PTA大奥物語 処女妻キャリアの戦慄きPARTU (1)
「ううっ・・・出る・・」
「あ・あなた・・まだ・・」
新妻春香がゆっくりと感じ始め、さあいよいよこれからだと言う時に、夫正孝は呆気なく果ててしまった。
「どうだ・・良かったか?」
正孝は一方的に自分の欲望を放出すると、すっかりと満足仕切った表情で愛する新妻春香を抱き締めながら耳元で優しく囁くのであったが、
「ええ・・」
不完全燃焼のまま一人取り残さる形となった新妻春香は、只、曖昧な返事を返すことしか出来なかったのであった。

新婚の二人の夜の生活であるが、夫の正孝は前戯もそこそこに挿入してくると、そのまま一気に腰を使い続け、そして直ぐに果てると言うワンパターンの繰り返しであった。
それでも、始めの内は何とか愛する夫の正孝と結ばれることが出来た、ただそれだけで満足していた新妻春香であったが、やがて日が経つに連れて心の片隅に少しづつ満たされぬ物を感じ始めることを禁じえなくなっていた。

生来が研究心旺盛な春香は、ネット、女性誌などからその手の情報を集め自分なりに研究をしていく内に、徐々にSEXに対する新たな好奇心が沸沸と沸いてくるのである。

一方、元々がSEXに余り興味を抱いていなかった夫の正孝は、そんなこととは露知らす、今夜もお決まりのワンパターンで自分の欲望を放出してしまうと、直ぐに軽い寝息を立て始めるのであった。

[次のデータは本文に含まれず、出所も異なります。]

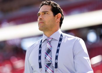 Mark Sanchez former NFL quarterback on the field during a game between the San Francisco 49ers and the Los Angeles Rams at SoFi Stadium on September 17, 2023 in Inglewood, California. (Photo by Ric Tapia/Getty Images)

「ああ・・あなた・・もう少し・・でも・この人を愛しているのですもの・・いいのよこれで・・私は・・」
愛する夫の無邪気な寝顔を見つめながら、春香は自らに言い聞かせるように心の中で呟くのであった。
しかしながら、春香の指はまるで何か魔物にでも導かれるように、密かに己の花園を愛し始める。
やがて春香の秘密の瞑想の中には、いつしか夫以外のある一人の男の姿が登場してくるのであった。
その男とは・・・・・・。

その翌日、
「ううん?・・どうやら・・俺の出番が来たようだな・・・・」
目の前を歩く新妻教師春香のオスを誘うようなヒップの動きに視線をクギ付けにされたまま、隆造は心の中で呟くのであった。

「先生・・お変わりありませんかな・・」
「ええっ?・・あら・会長さん・・・・はい・おかげさまで・」
不意に後から声を掛けられ、春香は戸惑いの表情で振り返りながら隆造を見つめた。
実はこの時、春香は歩きながら、ある男即ち隆造との淫らな瞑想が思い巡らせていたのだった。
その当の隆造が目の前に現れたのだから、春香が動揺するのも無理が無かった。

「それは何よりですな・・ところで、如何ですかな・・久し振りにお食事でも・・」
「ええ・・でも・・」
春香の表情に明らかに迷いを感じ取った隆造は、ここで間髪いれずに一気に攻めたてるのだった。
「この週末を空けといてもらえますかな・・この前のところに予約を入れときますから・・」
それだけ言い残すと、隆造は春香の答えを待つことなく、その場を後にするのであった。

「あ・あの・・」
後に残された春香は、ある種の不安と期待が入り混じった複雑な心境のまま、隆造の後姿を見送るのであった。